Con mano firme la conduje hacia una zona en que las aguas no eran tan turbulentas. Nos despojamos de las mantas, escudos y todo cuanto pudiera estorbarnos para nadar. Por mi parte me quedé solamente con una lanza corta que sujeté entre los dientes.
Nos internamos en las aguas frías y pisamos fondo hasta cerca de la mitad del caudal, en que el nivel del líquido nos llegaba al pecho, pero después ya no hicimos pie y tuvimos que nadar, siguiendo la dirección que nos marcaba Koos, ya que en esos casos el instinto del animal es superior a nuestro propio criterio.
En ese momento nuestros perseguidores llegaron hasta la orilla que acabábamos de abandonar.
—¡De manera que preferís nadar! —gritó uno de los guerreros—. ¡Pues moriréis ahogados! Y si llegáis a salir con vida de esa corriente, no olvidéis que tarde o temprano caeréis en nuestras manos, aunque tengamos que ir a buscaros hasta el fin del mundo.
De inmediato nos arrojó su lanza, que cayó como un relámpago entre nuestros cuerpos, aunque por fortuna no nos causó el menor rasguño.
Mientras hablaba, nosotros seguíamos nadando con todas las fuerzas de que éramos capaces y ya habíamos llegado a la parte donde la corriente del río era más caudalosa. Nos sentimos arrastrados por ella, pero todavía podíamos defendernos con éxito y evitar desviarnos mucho de nuestro rumbo.

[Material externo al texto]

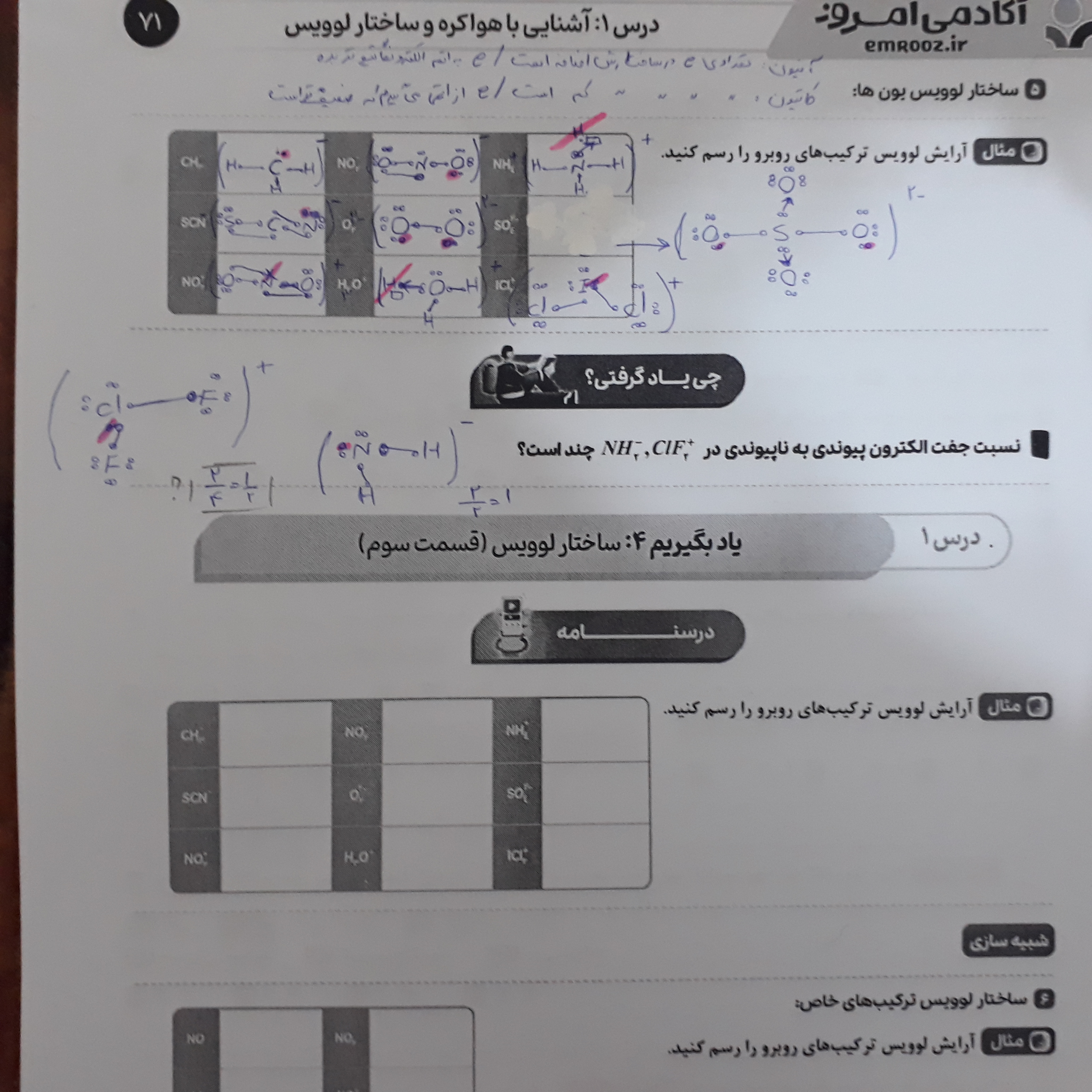 سلام . جواب چی یاد گرفتیم برای یون ClF برابر ۴ و جواب یون NHبرابر ۱است ؟
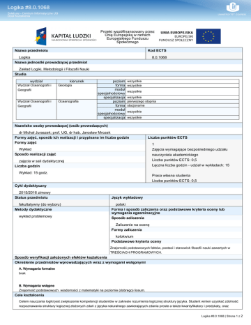 Logika #8.0.1068 Sylabusy - Centrum Informatyczne UG Dział Kształcenia Projekt współfinansowany przez Unię Europejską w ramach Europejskiego Funduszu Społecznego Nazwa przedmiotu Kod ECTS Logika Nazwa jednostki prowadzącej przedmiot 8.0.1068 Zakład Logiki, Metodologii i Filozofii Nauki Studia wydział kierunek Wydział Oceanografii i Geografii Geologia Wydział Oceanografii i Geografii Oceanografia poziom forma moduł specjalnościowy specjalizacja poziom forma moduł specjalnościowy specjalizacja wszystkie wszystkie wszystkie wszystkie pierwszego stopnia stacjonarne wszystkie wszystkie Nazwisko osoby prowadzącej (osób prowadzących) dr Michał Juraszek; prof. UG, dr hab. Jarosław Mrozek Formy zajęć, sposób ich realizacji i przypisana im liczba godzin Formy zajęć Liczba punktów ECTS Wykład Sposób realizacji zajęć zajęcia w sali dydaktycznej Liczba godzin Wykład: 15 godz. 1 Zajęcia wymagające bezpośredniego udziału nauczyciela akademickiego Liczba punktów ECTS: 0,5 Łączna liczba godzin - udział w wykładach: 15 Praca własna studenta Liczba punktów ECTS: 0,5 Cykl dydaktyczny 2015/2016 zimowy Status przedmiotu fakultatywny (do wyboru) Metody dydaktyczne wykład problemowy Język wykładowy polski Forma i sposób zaliczenia oraz podstawowe kryteria oceny lub wymagania egzaminacyjne Sposób zaliczenia Zaliczenie na ocenę Formy zaliczenia kolokwium Podstawowe kryteria oceny Znajomość podstawowych faktów, postaci i stanowisk filozofii nauki zawartych w TREŚCIACH PROGRAMOWYCH. Sposób weryfikacji założonych efektów kształcenia Określenie przedmiotów wprowadzających wraz z wymogami wstępnymi A. Wymagania formalne brak B. Wymagania wstępne Znajomość podstawowych wiadomości z matematyki na poziomie (dobrego) liceum. Cele kształcenia Celem nauczania logiki jest zwiększenie kompetencji studentów w zakresie rozumienia logicznej struktury języka. Student winien uzyskać zdolność rozpoznawania struktury logicznej złożonych zdań z języka naturalnego zawierających zdania proste a także kwantyfikatory i predykaty, oraz Logika #8.0.1068 | Strona 1 z 2 Logika #8.0.1068 Sylabusy - Centrum Informatyczne UG Dział Kształcenia rozumowań przeprowadzanych w języku naturalnym. Treści programowe 1. 2. 3. 4. 5. 6. 7. Pojęcie zdania w sensie logicznym. Wartości logiczne. Funktory Klasycznego Rachunku Zdań (KRZ). Zdanie proste. Słownik KRZ. Formuła KRZ. Przekład zdań z języka naturalnego na język symboliczny i na odwrót. Pojęcie tautologii, kontrtautologii. Metoda zerojedynkowa sprawdzania formuł KRZ. Skrócona metoda zerojedynkowa jako paradygmat rozumowań formalnych ad absurdum. Pojęcie prawdy logicznej, wynikania logicznego, wnioskowania dedukcyjnego. Pojęcie kwantyfikatora i predykatu. Słownik rachunku predykatów. Przekład zdań z języka naturalnego na język predykatów i odwrotnie. Wykaz literatury A. Literatura wymagana do ostatecznego zaliczenia zajęć (zdania egzaminu): A.1. wykorzystywana podczas zajęć: 1. Przybyłowski J. (1995): Logika z ogólną metodologią nauk, Gdańsk, Wyd. UG 2. Wieczorek K. (2005): Wprowadzenie do logiki, Warszawa, Wyd. SKRYPT 3. Stanosz B. (1998): Wprowadzenie do logiki formalnej. Podręcznik dla humanistów. Wyd. PWN A.2. studiowana samodzielnego: 1. Stanosz B. (1998): Ćwiczenia z logiki, Warszawa, Wyd. PWN 2. Wajszczyk J. Gruszycka-Glabas M.(1997), Zbiór ćwiczeń z logiki, Olsztyn, WSP B. Literatura uzupełniająca: MAŁA ENCYKLOPEDIA LOGIKI, pod red. W Marciszewskiego (1988): Wrocław – Warszawa – Kraków – Gdańsk – Łódź: Zakład Narodowy im Ossolińskich. Efekty kształcenia (obszarowe i kierunkowe) [Kod efektu kształcenia dla modułu, odniesienie do efektów kształcenia dla kierunku (stopień realizacji)] Opis efektu kształcenia. Wiedza 1. [K_W08, H1A_W06] Zna i rozumie główne pojęcia logiki. 2. [K_W09, H1A_W07, H1A_W09] Zna i rozumie charakter rozumowań logicznych. 3. [K_W10, H1A_W04] Zna idee i argumenty wybranych zastosowań logiki do analizy języka naturalnego. Umiejętności 1. [K_U04, H1A_U04] Słucha ze zrozumieniem ustnej prezentacji pojęć logicznych. 2. [K_U07; H1A_U05] Analizuje argumenty logiczne, identyfikuje ich kluczowe tezy i założenia. 3. [K_U15; H1A_U01; H1A_U08] Samodzielnie rozwiązuje proste ćwiczenia z logiki. Kompetencje społeczne (postawy) 1. [K_K03, H1A_K01] Jest otwarty na nowe idee i gotów do zmiany opinii w świetle dostępnych danych argumentów. 2. [K_K05; H1A_K02] Efektywnie organizuje własną pracę i krytycznie ocenia stopień jej zaawansowania. Kontakt [email protected] Logika #8.0.1068 | Strona 2 z 2

Comprendimos que si lográbamos llegar a la orilla opuesta antes de ser empujados a la zona de los remolinos estábamos salvados, pero en caso contrario… ¡todo estaba perdido!
Ya nos encontrábamos muy cerca de la orilla opuesta, ¡pero también muy próximos a los rápidos y a las rocas que erguían sus puntas filosas como puñales en medio de las turbulentas aguas!
Baleka era una niña muy valiente y por eso nadaba sin desesperarse, pero el agua la arrastraba más y más y yo no podía hacer nada para impedirlo. Conseguí apoyar un pie sobre una roca del fondo y miré a mi alrededor; no tardé en darme cuenta de que a ocho pasos del lugar donde ella se encontraba comenzaban ya los remolinos. Por mi parte no podía regresar a rescatarla porque me encontraba tan débil que sólo conseguiría ser arrastrado hacia la cascada. Por fortuna el fiel Koos se dio cuenta de lo que sucedía. Con movimientos rápidos se acercó a Baleka, ladrando como si quisiera infundirle ánimos. Luego dio media vuelta y comenzó a luchar para aproximarse a la orilla, una vez que mi hermana se hubo agarrado con la mano derecha a su cola. Baleka ayudaba al noble animal pataleando y dando impulso con las piernas y el brazo libre, y de esta manera, poco a poco y trabajosamente, se fueron acercando hasta la zona donde yo me encontraba.
Cuando los tuve más cerca, extendí la lanza y Baleka se asió a ella con la mano izquierda. Entonces tiré con todas mis fuerzas y esto, aunado a los movimientos de Koos, que era un animal de extraordinaria fortaleza, contribuyó a salvar a Baleka de una muerte horrible entre las piedras.
Por fin la tuve jadeante a mi lado y entonces la ayudé a llegar hasta la orilla. Una vez en tierra firme nos echamos exhaustos sobre la arena, demasiado agotados para hablar durante los primeros momentos.
Cuando nuestros perseguidores se dieron cuenta de que habíamos logrado atravesar el río, nos gritaron toda clase de maldiciones y amenazas y comenzaron a recorrer la orilla a grandes pasos.
—¡Levántate, Baleka! —le dije a mi hermana—. ¡Están buscando un vado a través de las aguas!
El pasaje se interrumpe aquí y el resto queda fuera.